5. Signal-led organizations will outperform campaign-led organizations
Dr. Christine Bailey, former global marketing leader at Moody’s and fintech scale-up PassFort, focused on the shift from campaign-led execution toward signal-led operations.
The observation: Most of the B2B buying journey now also happens without direct interaction with vendors.
Buyers increasingly rely on:
- peer networks
- independent research
- communities
- digital signals
- AI-assisted discovery
That changes the game. Reach alone matters less. Context matters more. Timing matters more. Signal interpretation matters more. This is where AI can genuinely create enormous value. Not by generating more noise. But by helping organizations:
- detect intent
- identify operational patterns
- route opportunities faster
- enrich context
- prioritize focus
- align sales and marketing decisions
One phrase from Christine Bailey’s session captured the challenge perfectly: “Without contextual intelligence, activity becomes noise.”
That is highly relevant for many B2B organizations today. Because many teams are still drowning in disconnected activities:
- disconnected campaigns
- disconnected tools
- disconnected reporting
- disconnected ownership
- disconnected customer signals
AI can absolutely improve this. But only when embedded into structured operational systems. Otherwise organizations simply automate more disconnected activity.
6. The future winners will combine AI with operational realism
One thing I appreciated about AntiCon was that many speakers moved beyond simplistic AI hype. Richard Shotton’s keynote on behavioral science and AI especially reinforced that technology alone is rarely the differentiator. The organizations and marketers who understand human behavior, decision-making, and operational reality best are likely the ones that will outperform.

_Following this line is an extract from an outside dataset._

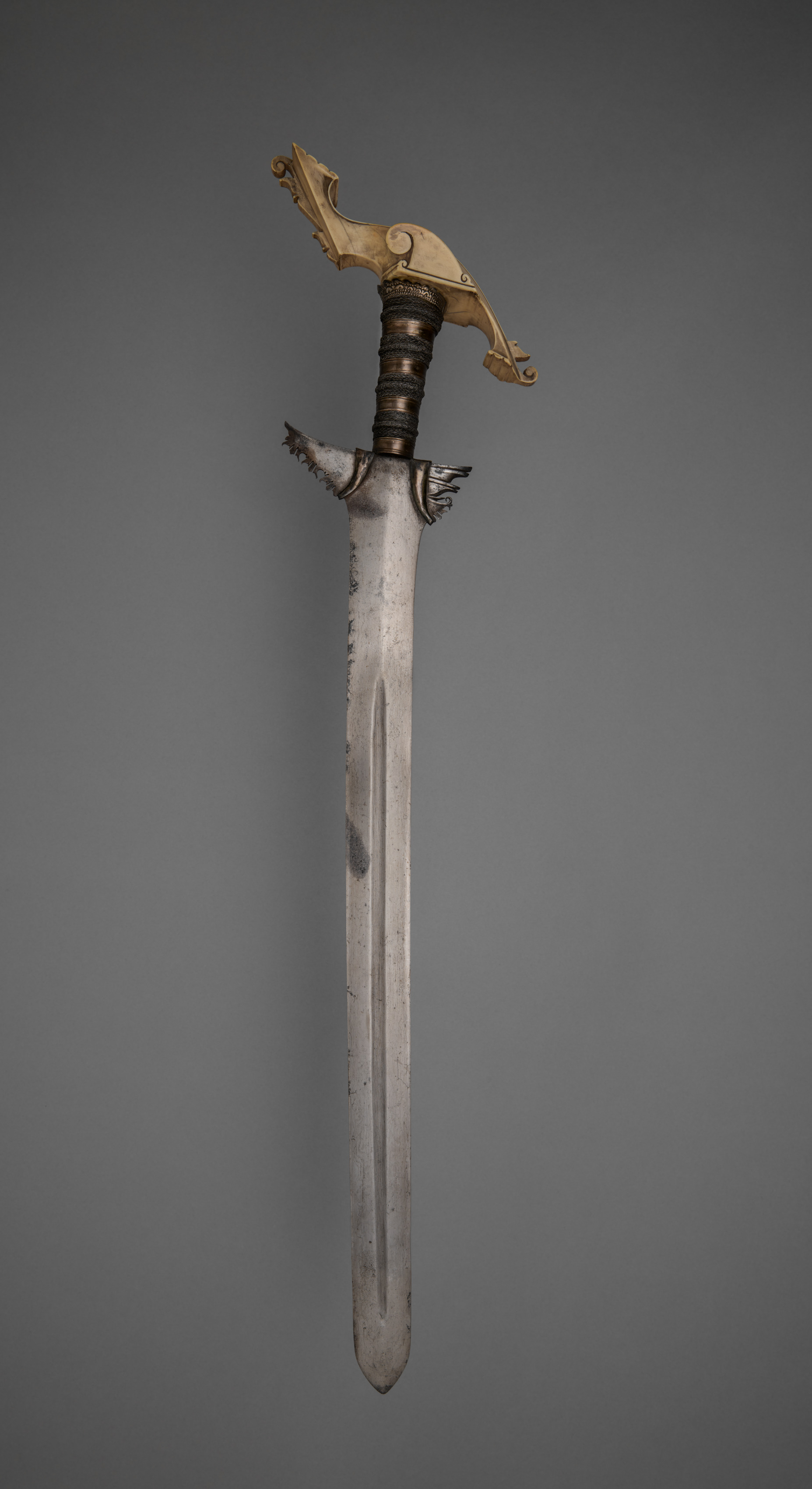 Sword (Kris) by artist. Long, slender silver sword with pointed tip. Sword hilt wrapped in black and brown cord, adorned with gold-colored metal piece curved like a bird. Two small metal protrusions on either side of hilt, resembling bird claws. Grey background.
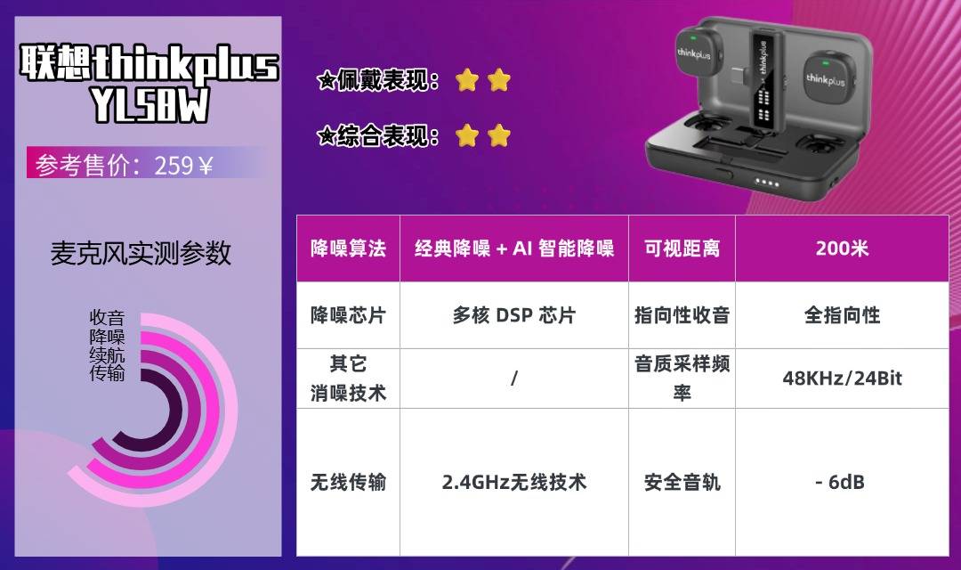 联想thinkplus YL58W是一款高性价比基础款无线麦克风,针对多设备干扰问题优化2.4G传输模块,保障信号稳定无杂音。360°全指向拾音单元人声还原度满足基础创作需求,短距离传输延迟低,适合日常短视频、口播拍摄。双重降噪对轻微杂音过滤效果好,但户外大风天气降噪能力不足,无高级功能加持,且不支持立体声录制,声音空间感较弱。机身设计简约精致,无廉价塑料感;操作便捷,开机自动配对,无需复杂设置。续航能力充足,可支撑全天短视频拍摄,但机身重量略高,夹戴时间久了会有不适感,预算有限的新手选择这款准没错。

The more mature discussions consistently returned to operational realism.
Not: “How can we use more AI?”
But: “How should work structurally change?”
That is the more important question. And honestly, many organizations are still early. Not because they lack tooling. But because:
- processes remain fragmented
- governance remains unclear
- systems remain disconnected
- data quality remains inconsistent
- ownership remains blurry
- enablement remains shallow
- operating models remain reactive
This is why we believe automation and AI adoption should be roadmap-led instead of request-driven. Organizations need:
- operational clarity
- measurable hypotheses
- governance structures
- scalable workflows
- human-in-the-loop safeguards
- capability building
- structured prioritization
Otherwise AI becomes another layer added onto already overloaded systems. And overloaded systems eventually break.
Final thought
If I would summarize my biggest takeaway from AntiCon in one sentence, it would probably be this: AI is forcing organizations to confront operational truths they were previously able to ignore.
That sounds uncomfortable. But it is also the opportunity. Because organizations that redesign workflows, governance, data structures, and operating models intentionally now will likely create enormous long-term advantages. Not only in productivity. But in adaptability. And adaptability may become the most important capability of all.
At Chapman Bright, we strongly believe the future belongs to organizations that combine:
- human judgment
- structured operating models
- automation
- AI
- governance
- measurable value creation
Not as isolated initiatives. But as connected systems designed to compound over time. Because in the end, AI is not the goal. It is the vehicle. The real transformation is how organizations redesign work itself.